The problem with the only known photo of John Ringo is that he looks like a banker. The real Johnny Ringo (as he perhaps was never called) was known as the King of The Cowboys, and possibly the defacto leader of the Clantons and McLaury Cow-boy faction across Cochise County in the early 1880s.
So, how do we illustrate that discrepancy on the cover of True West magazine? The most convincing way would be to “marry” Ringo’s face to a photograph of a period cowboy. Art Director Dan “The Man” Harshberger did a superb job of doing just that, but our editor, Stuart Rosebrook, is appalled with this because, as he puts it, “it’s ultimately a fake photo.”
My position is that it’s an illustration or depiction of what he may have looked like. You know, as in “artistic license”?
So I asked our Historical Consultant, Paul Andrew Hutton, to weigh in and here is what he said: “Considering the current controversy over Old West photographs, the use of any photoshopped image on your cover is really calling in an air strike on your own position. A painting or a movie image are quite different from an altered image, no matter how clear you make what you are doing.
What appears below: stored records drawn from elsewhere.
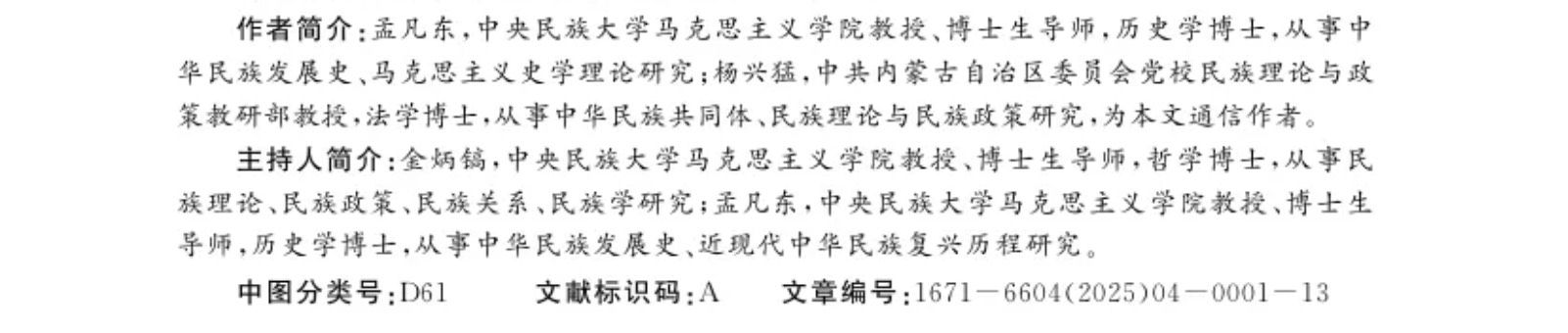 孟凡东教授、康基柱教授等在《江苏大学学报(社会科学版)》第4期的《中华民族共同体研究·纪念中国人民抗日战争暨世界反法西斯战争胜利80周年》的专题文章:《中国全民族抗战与近代中华民族共同体意识的真正自觉》。文章着力从纵向时间维度论证近代中华民族共同体意识真正自觉的历史生成,从内在系统结构论证整体自觉的要素构成,尝试呈现“中华民族共同体意识整体自觉”的真正内在逻辑与外部表征,进而全面明晰抗日战争时期中华民族共同体意识的基本要素和结构内容。在全民族共同抗战过程中,不管是在敌后战场,还是在国民党正面战场,抑或是在大后方,中华各民族都生死与共、命运与共、团结一体,在共御日寇的对敌斗争中取得了抗日战争的胜利,使中华民族共同体意识得到了极大增强与升华,实现了近代中华民族共同体意识的真正自觉,这主要体现为:中华民族先锋队意识唤醒了中华民族的革命意识,彰显了中华民族共同体的救国自觉;中华民族大联合意识增强了国人的国家认同与爱国主义精神,彰显了中华民族共同体的文化自觉;中华民族大团结意识锻造了中华民族的凝聚力,彰显了中华民族共同体的历史自觉;中华民族大家庭意识提升了中华民族的命运共同体意识,彰显了中华民族共同体的整体自觉。
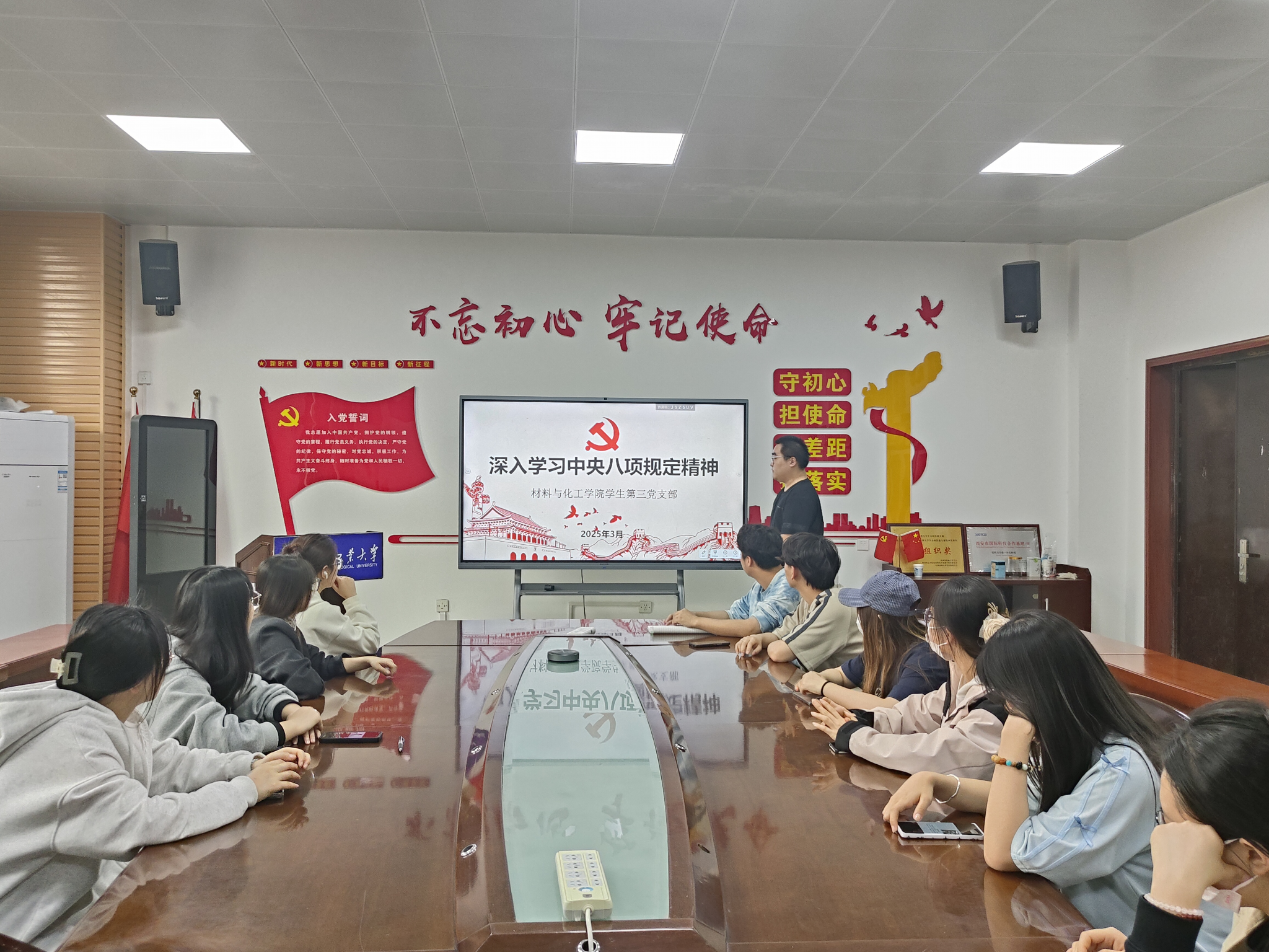 学生第三党支部于工3-410开展深入贯彻中央八项规定精神学习教育会,党委书记陈卫星、支部书记段强以及全体党员参加。会议由支部副书记秦正洋主持。
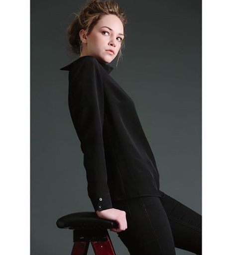 Jessica: The black silk sheer chiffon turtleneck, I love it. It looks amazing with jeans; you can wear it out to dinner. You can wear it with a tank top, or some people will just wear it with a bralette. You can adjust just how high up you wear the turtleneck to go, so I put three buttons on the back. You can go high neck, mid neck or you can wear it open. I love that we put the seam down the centre front, because there is something very alluring.
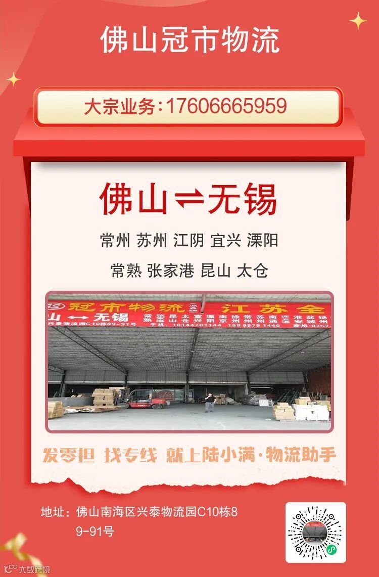 主营线路:佛山至无锡物流专线
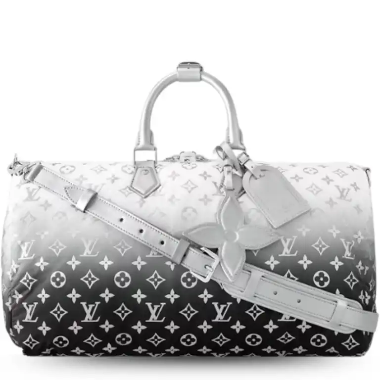 - This Keepall Bandoulière 45 travel bag is made from gradient Monogram Nylon with its wintery feel and is adorned with a white-leather Monogram Flower charm. The recycled nylon is resistant and soft to the touch, making the bag very body friendly. The removable leather strap adjusts for shoulder or cross-body wear.
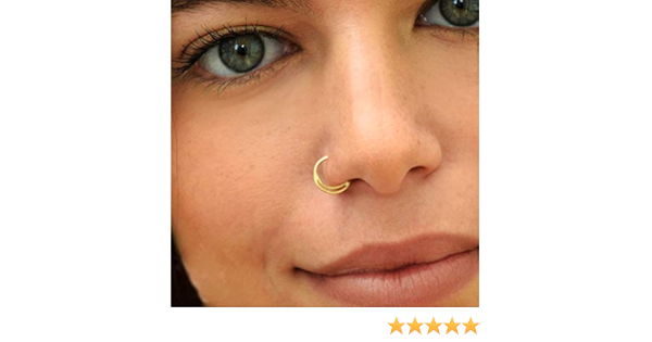 Amazon Com Gold Nose Rings Hoop Double Half Moon 14k 20 Gauge 8mm 5 16 Inch Crescent Cartilage Body Piercing Handmade

It will turn up on eBay as ‘newly discovered’ and worth $50k on ‘buy it now.’ Sorry that the real image of Ringo is such a dud-spud.”
Okay, fine. We’ll go with a painting. Still, you have to admit, it’s kind of cool.
New Ringo Photo Montage Worth Zero!
This montage photo mash-up is fake and was done purely for illustrative purposes. We don’t care what it says on eBay, do not pay anything for it.